Optimization of high-throughput 16S rRNA gene amplicon sequencing: an assessment of PCR pooling, mastermix use and contamination.

机构信息

Department of Medicine, University of Cambridge, Cambridge, UK.

Wellcome Sanger Institute, Hinxton, Cambridge, UK.

出版信息

Microb Genom. 2023 Oct;9(10). doi: 10.1099/mgen.0.001115.

Abstract

16S rRNA gene sequencing is widely used to characterize human and environmental microbiomes. Sequencing at scale facilitates better powered studies but is limited by cost and time.
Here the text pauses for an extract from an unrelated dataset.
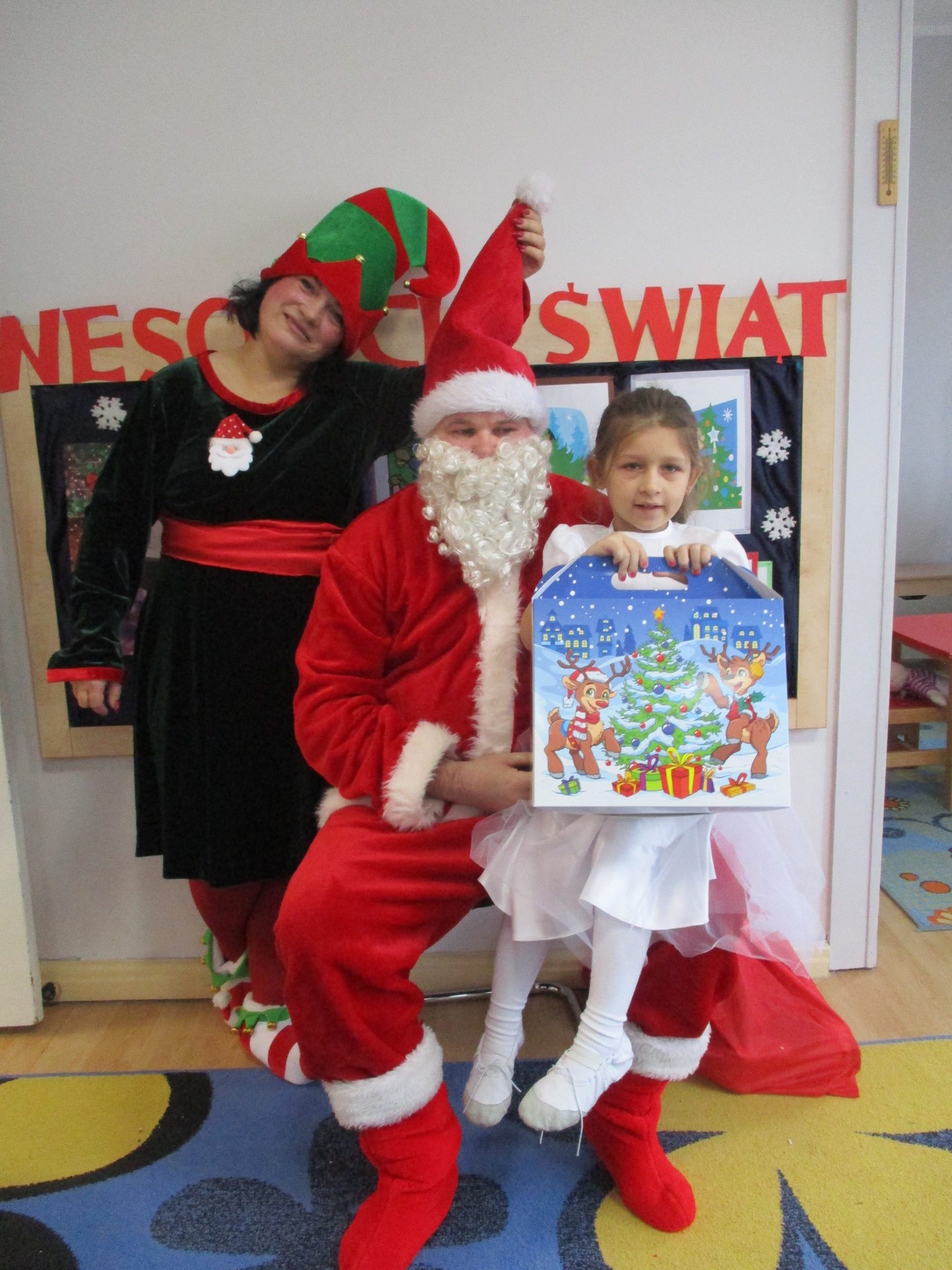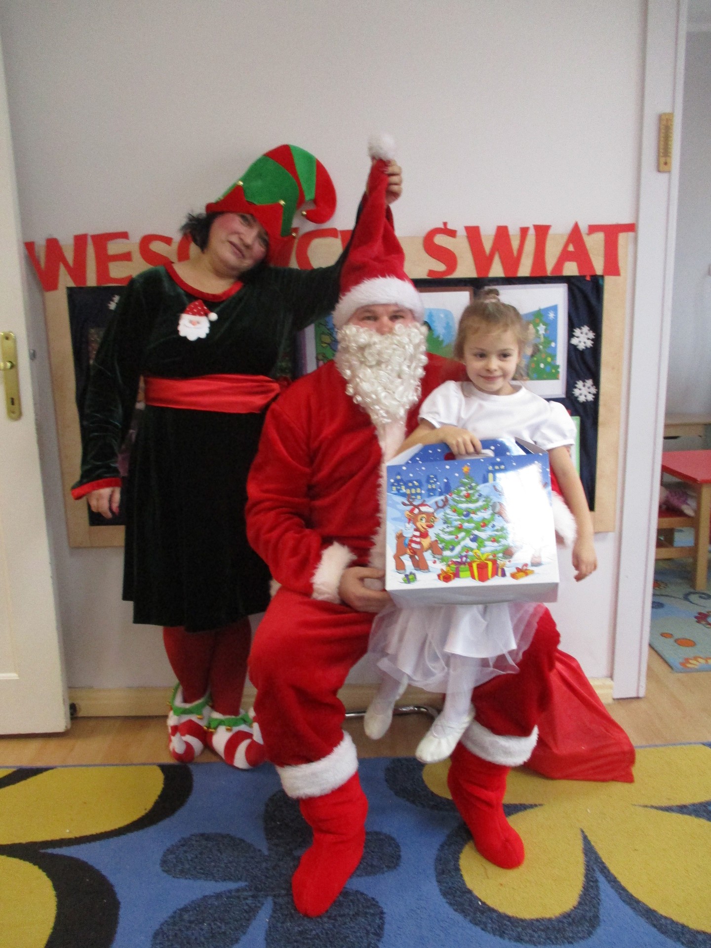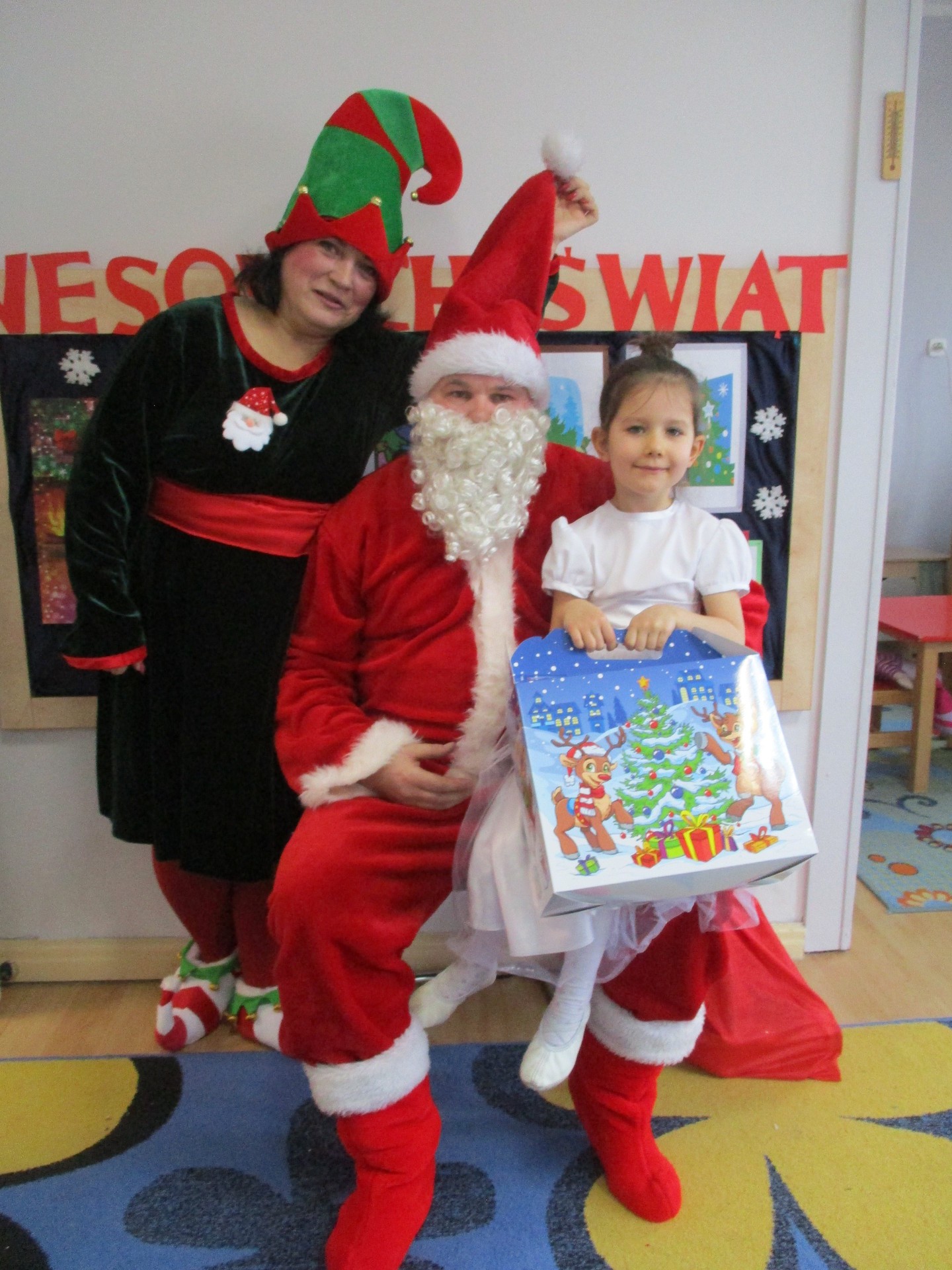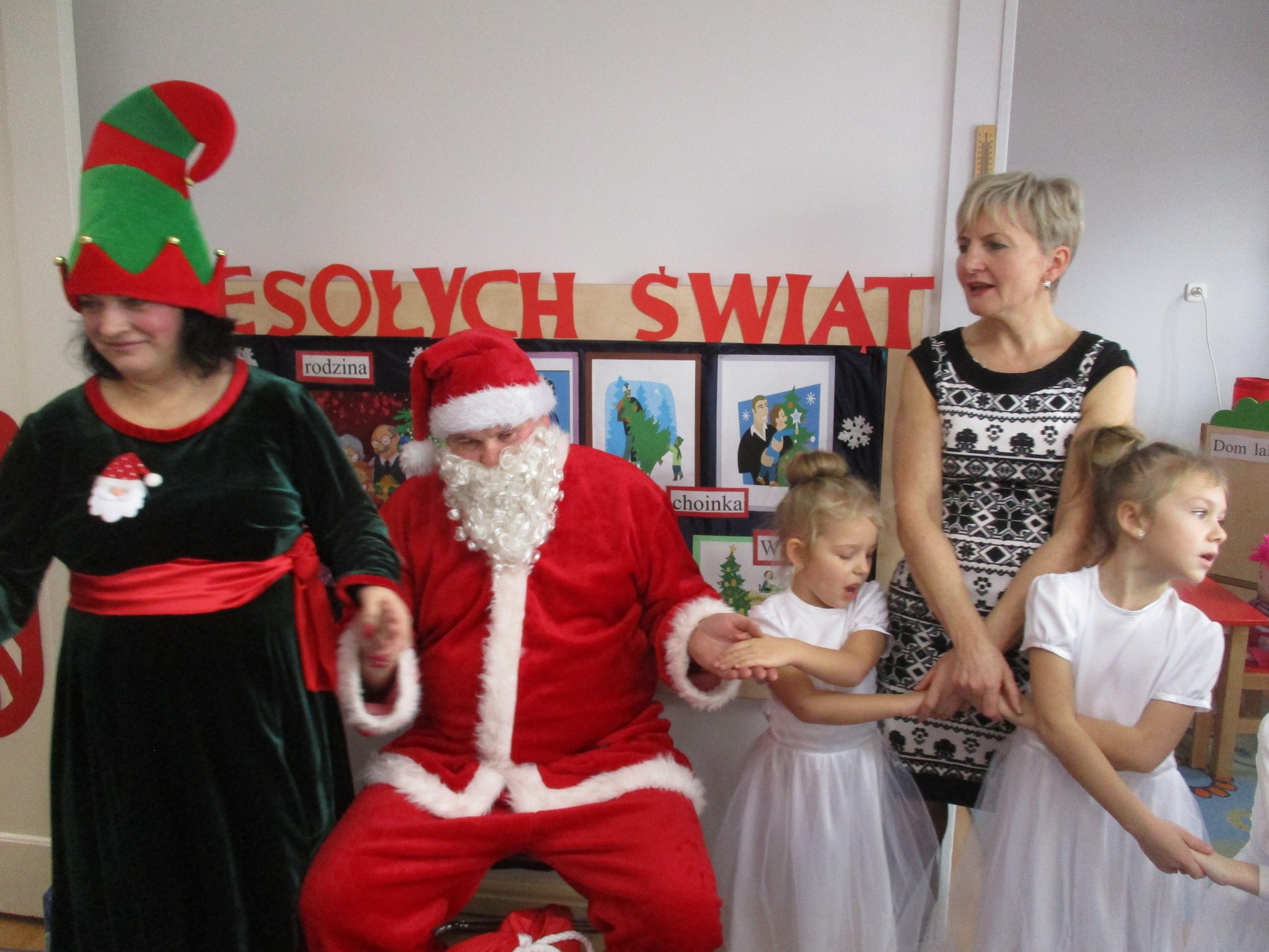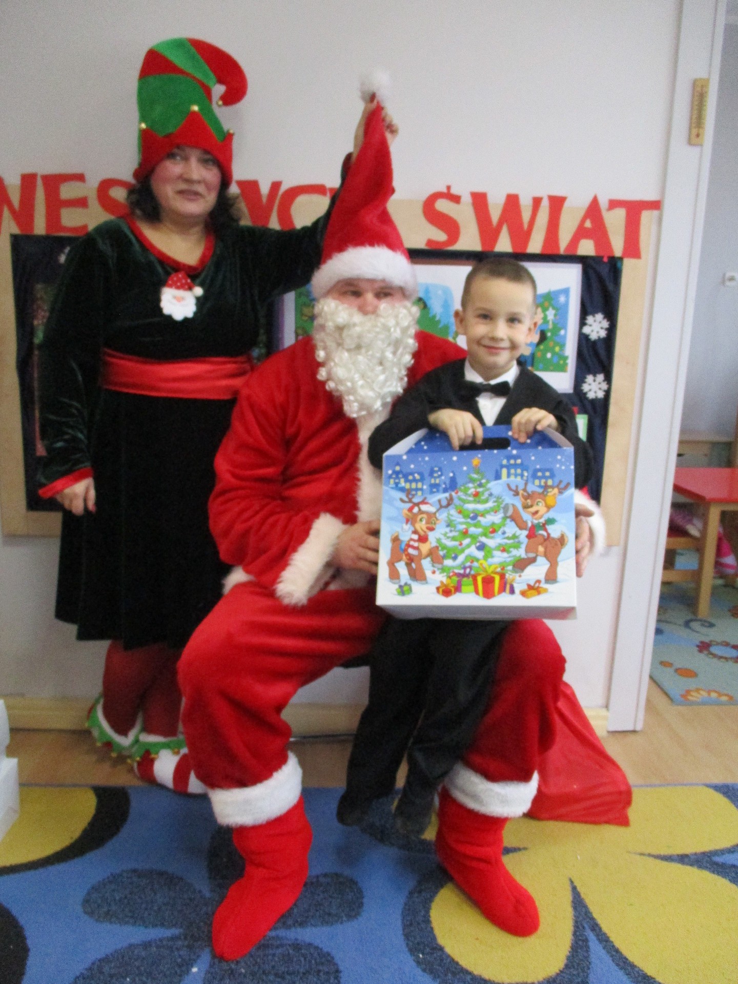 Wigilia Bożego Narodzenia to jeden z najpiękniejszych dni w roku, dlatego w naszej przedszkolnej rodzinie przeżywamy go bardzo uroczyście. Nasza przedszkolna wigilia odbyła się w piątek. Na początku dzieci zjadły wspólny posiłek. W dalszej części uroczystości dzieci odwiedził Mikołaj wraz z Elfem.Dzieliliśmy się również opłatkiem życząc sobie nawzajem wszelkiej pomyślności i Wesołych Świąt. Nasze spotkanie zakończyło się wspólnym kolędowaniem przy wigilijnym stole.
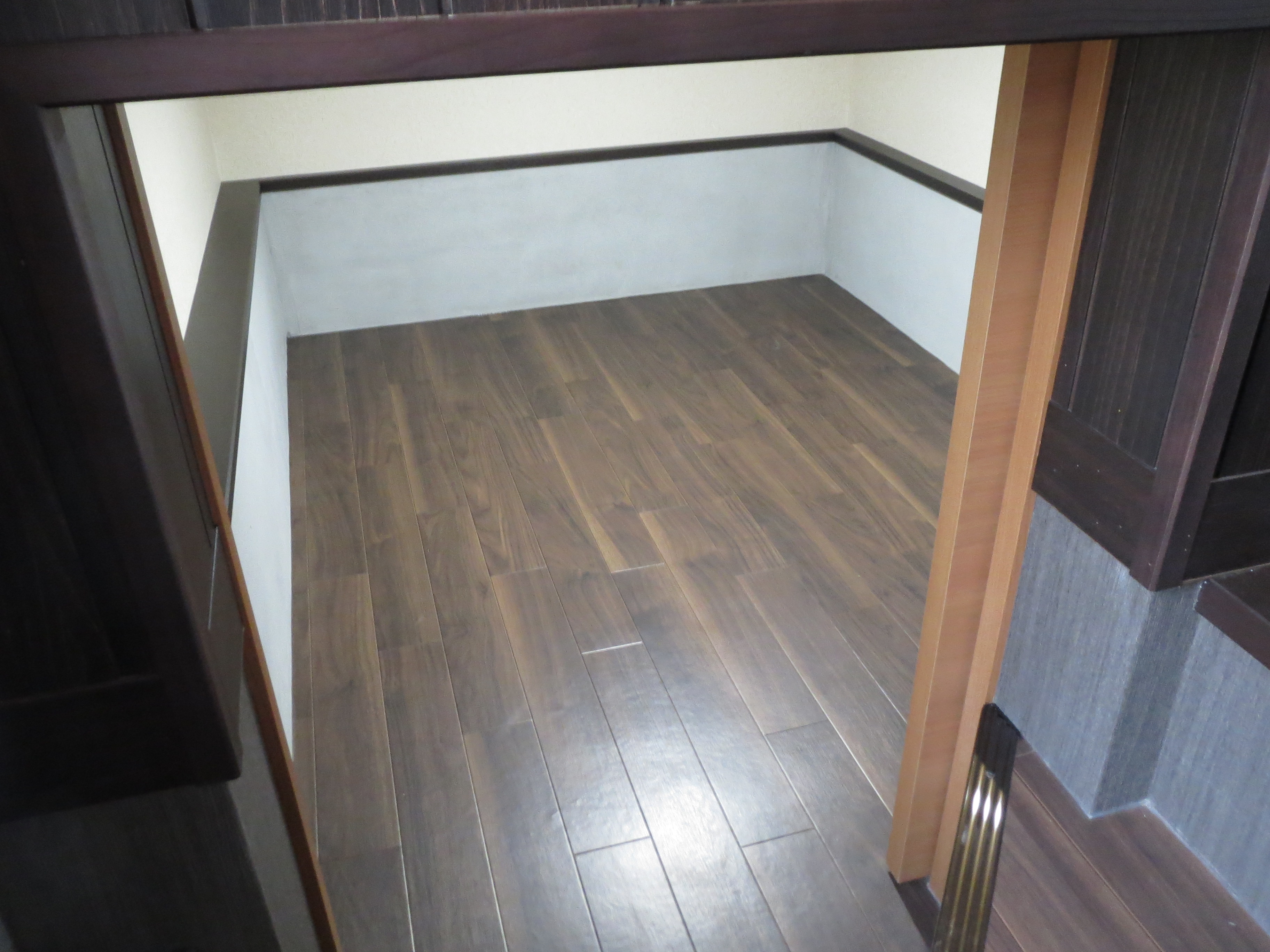 階段を3段ほど降りていく収納スペースはまるで秘密基地!

We identified two areas in our 16S rRNA gene library preparation protocol where modifications could provide efficiency gains, including (1) pooling of multiple PCR amplifications per sample to reduce PCR drift and (2) manual preparation of mastermix to reduce liquid handling. Using nasal samples from healthy human participants and a serially diluted mock microbial community, we compared alpha and beta diversity, and compositional abundance where the PCR amplification was conducted in triplicate, duplicate or as a single reaction, and where manually prepared or premixed mastermix was used. One hundred and fifty-eight 16S rRNA gene sequencing libraries were prepared, including a replicate experiment. Comparing PCR pooling strategies, we found no significant difference in high-quality read counts and alpha diversity, and beta diversity by Bray-Curtis index clustered by replicate on principal coordinate analysis (PCoA) and non-metric dimensional scaling (NMDS) analysis. Choice of mastermix had no significant impact on high-quality read and alpha diversity, and beta diversity by Bray-Curtis index clustered by replicate in PCoA and NMDS analysis. Importantly, we observed contamination and variability of rare species (<0.01 %) across replicate experiments; the majority of contaminants were accounted for by removal of species present at <0.1 %, or were linked to reagents (including a primer stock). We demonstrate no requirement for pooling of PCR amplifications or manual preparation of PCR mastermix, resulting in a more efficient 16S rRNA gene PCR protocol.

摘要

16S rRNA 基因测序被广泛用于描述人类和环境微生物组。大规模测序有助于进行更有力的研究,但受到成本和时间的限制。我们在 16S rRNA 基因文库制备方案中确定了两个可以提高效率的改进区域,包括(1)对每个样本的多个 PCR 扩增进行混合,以减少 PCR 漂移;(2)手动制备主混合物,以减少液体处理。我们使用来自健康人类参与者的鼻腔样本和连续稀释的模拟微生物群落,比较了在进行三次 PCR 扩增、两次 PCR 扩增或单次 PCR 扩增的情况下,alpha 多样性和 beta 多样性,以及在使用手动制备或预混合主混合物的情况下,组成丰度。共制备了 158 个 16S rRNA 基因测序文库,包括重复实验。比较 PCR 混合策略,我们发现,在高质量读数和 alpha 多样性方面,以及在主坐标分析(PCoA)和非度量多维尺度分析(NMDS)分析中按重复聚类的 Bray-Curtis 指数的 beta 多样性方面,没有显著差异。主混合物的选择对高质量读数和 alpha 多样性没有显著影响,在 PCoA 和 NMDS 分析中按重复聚类的 Bray-Curtis 指数的 beta 多样性也没有显著影响。重要的是,我们观察到在重复实验中稀有物种(<0.01%)的污染和可变性;通过去除丰度低于 0.1%的物种或与试剂相关的物种(包括引物库),可以解释大部分污染物。我们证明,不需要对 PCR 扩增进行混合,也不需要手动制备 PCR 主混合物,从而使 16S rRNA 基因 PCR 方案更有效率。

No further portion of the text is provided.